Maír José Benardete (1895, Çanakkale, Ottoman Empire – 1989, U.S.) was a scholar of Sephardic studies and was a long-time Professor of Spanish and Sephardic Studies at Brooklyn College.

He was a past Director of The Hispanic Institute at Columbia University's Sephardic Studies Section in the late 1920s. The Institute was also known as Casa Hispánica.

==Early life and education==
Benardete was born in the Ottoman Empire, in the city of Çanakkale, on Dardanalles, Turkey. He was the eldest of nine children, and came from a Ladino (Judaeo-Spanish)-speaking family. At the age of eight, he contracted a serious illness that left him unable to walk for months.
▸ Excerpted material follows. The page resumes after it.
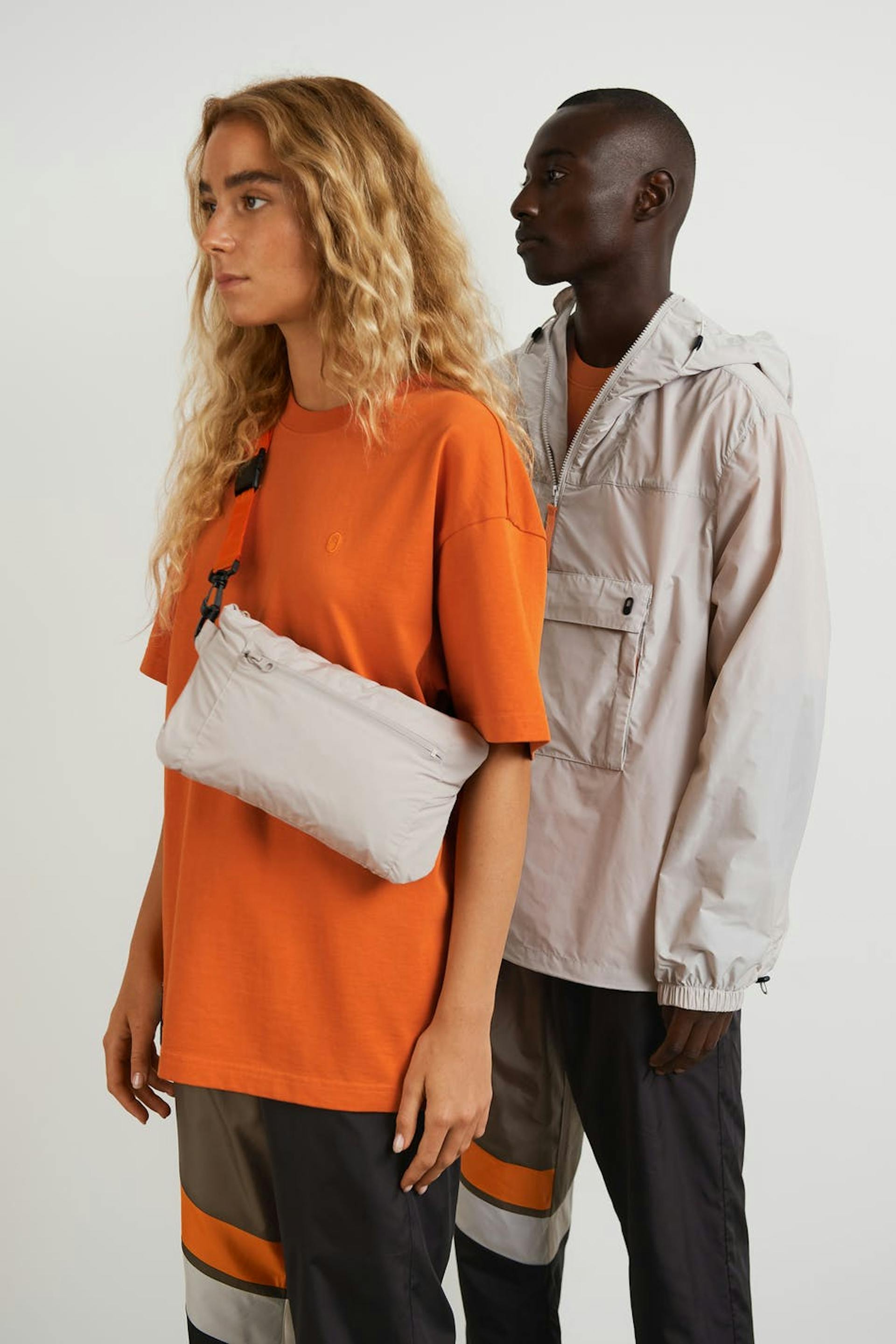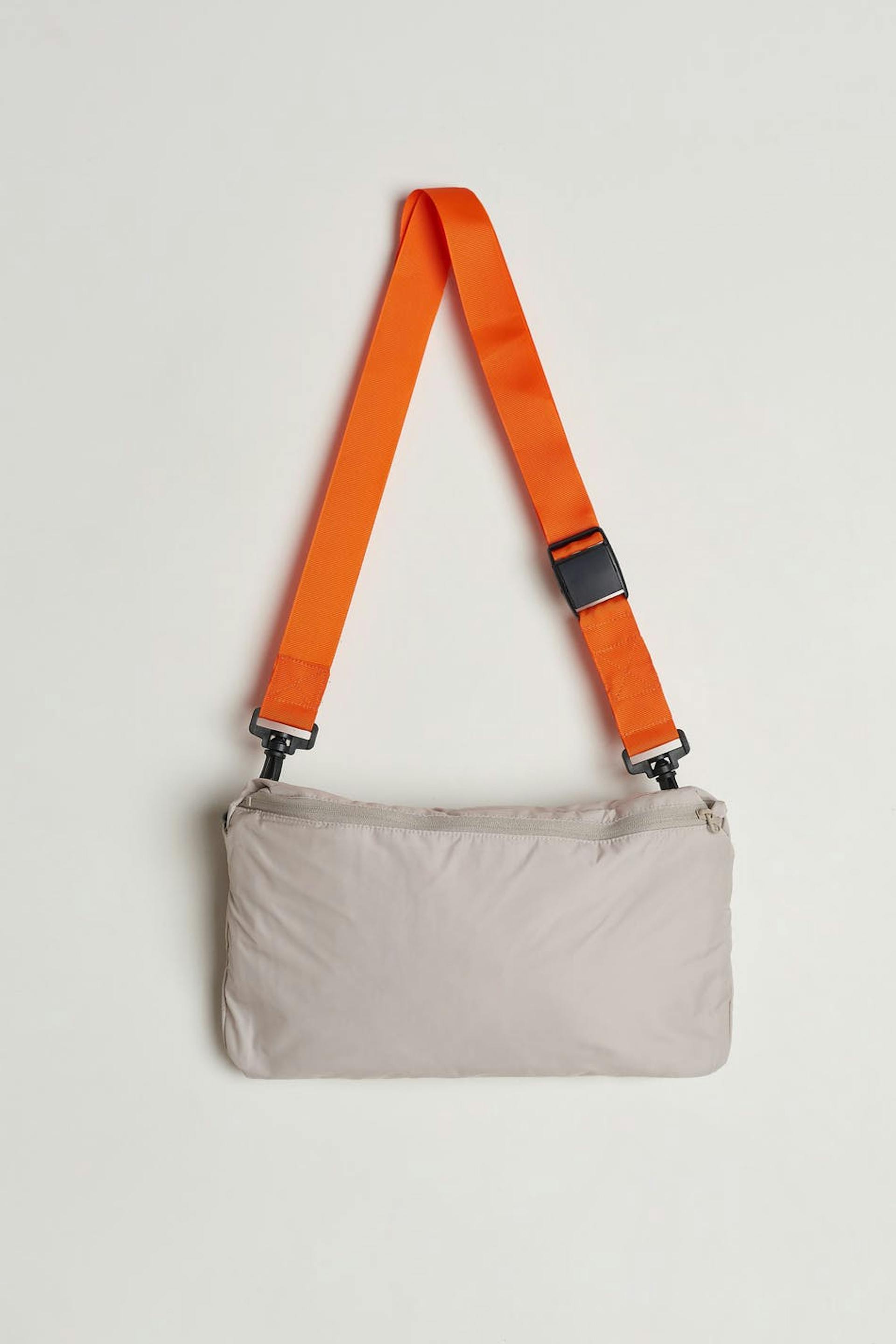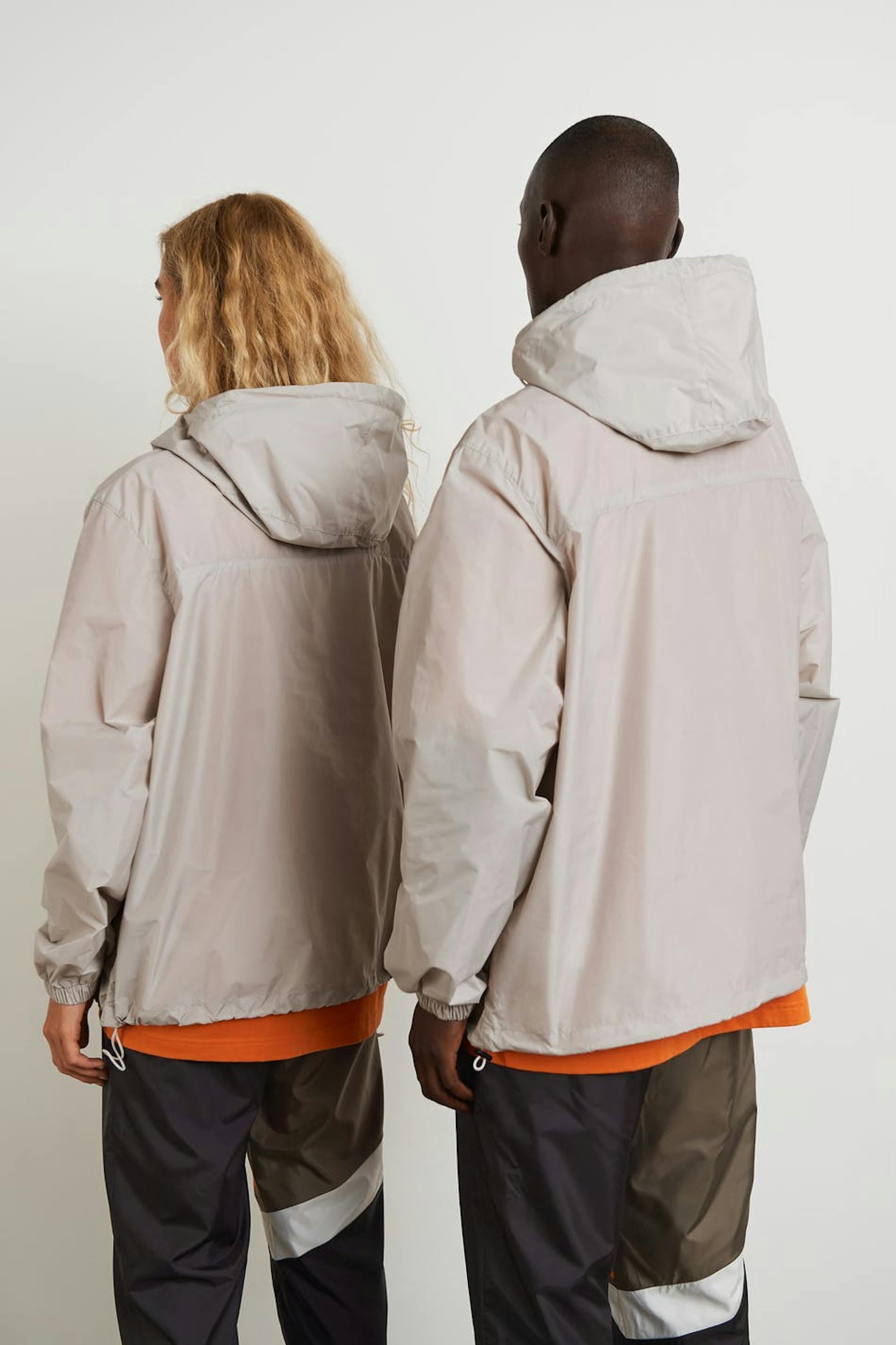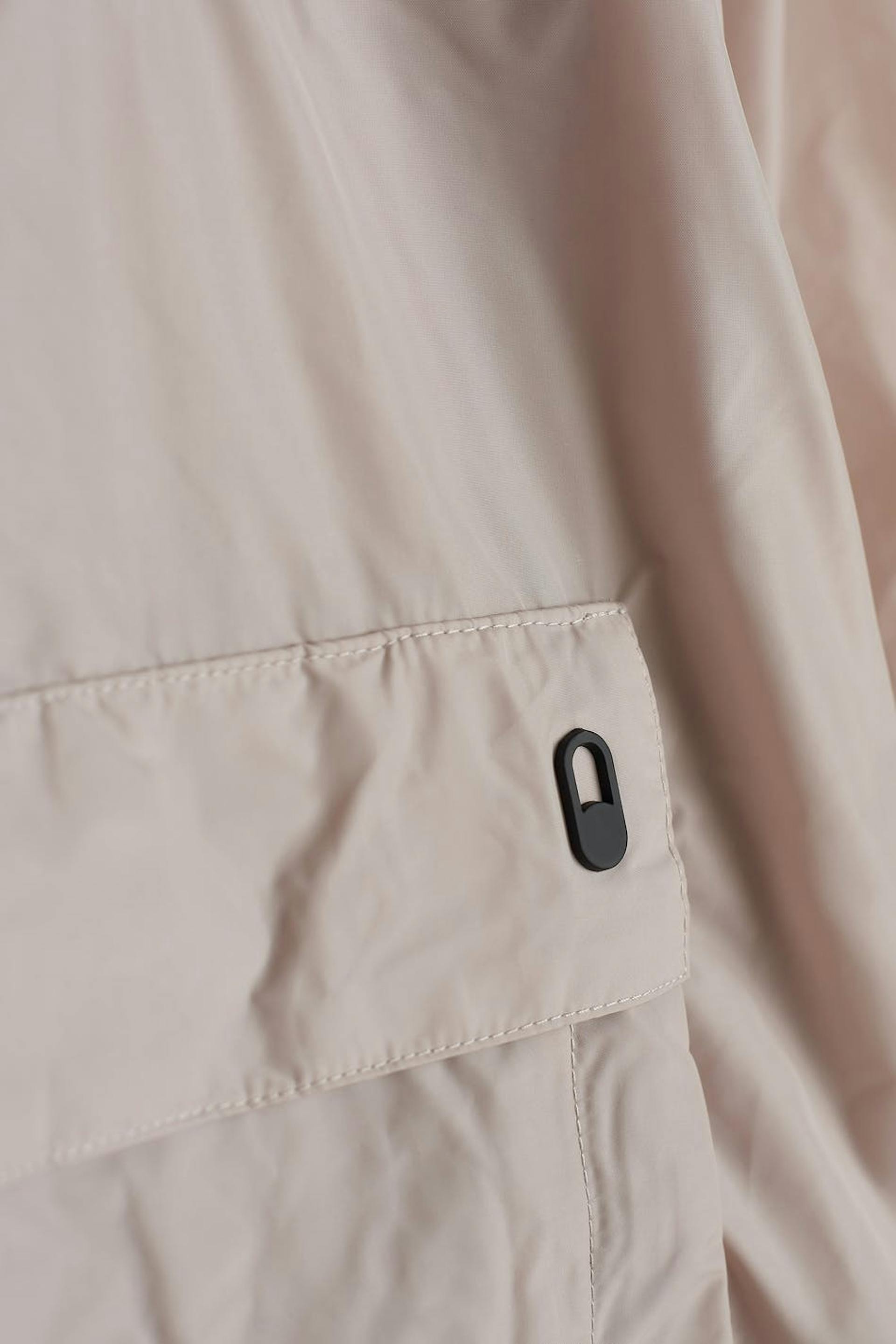 Anorak von Gina Lab mit einer großen, vorderen Tasche. Der Anorak ist beige und hat eine Kapuze hinten. Er hat elastische Manschette, einen halben Reißverschluss auf der Oberseite und einen einstellbaren Kordelzug am unteren Saum. Die Jacke kann mühelos in eine praktische Tasche verwandelt werden.

He spent his year-long convalescence among the Sephardic women of his community, absorbing the Judeo-Spanish folklore and language that would later serve him well in his career as a Sephardic scholar. In 1910, Benardete immigrated to the United States, to live with an uncle living in Cincinnati.

Benardete also went by the names Mair José Benardete; Mair José Benadrete; M. J. Benadete; Meyer Benardete; and Mercedes Benardete.

==Career==
Under Benardete's direction, the Sephardic Section of Casa Hispanica hosted or sponsored lectures on Sephardic civilization, generated articles for the institute's "Revista Hispanica Moderna", published a Ladino/Spanish commemorative volume on the medieval Spanish-Jewish poet, Yehuda Halevi, and staged dramatic performances in Judaeo-Spanish. Benardete's doctoral dissertation, "Hispanic Culture and Character of the Sephardic Jews," was first published by the Hispanic Institute in 1953.

In 1962, two Sephardic activists, Louis N. Levy and David N. Barocas, published "Studies in Honor of M.J. Benadrete."

==Personal life==
Benardete produced three academically-successful sons; Seth Benardete, who was an American classicist and philosopher, José Benardete, who was also a philosopher. and Diego Benardete, who is a professor of mathematics at the University of Hartford. Benardete's wife was a professor in the English department at Brooklyn College.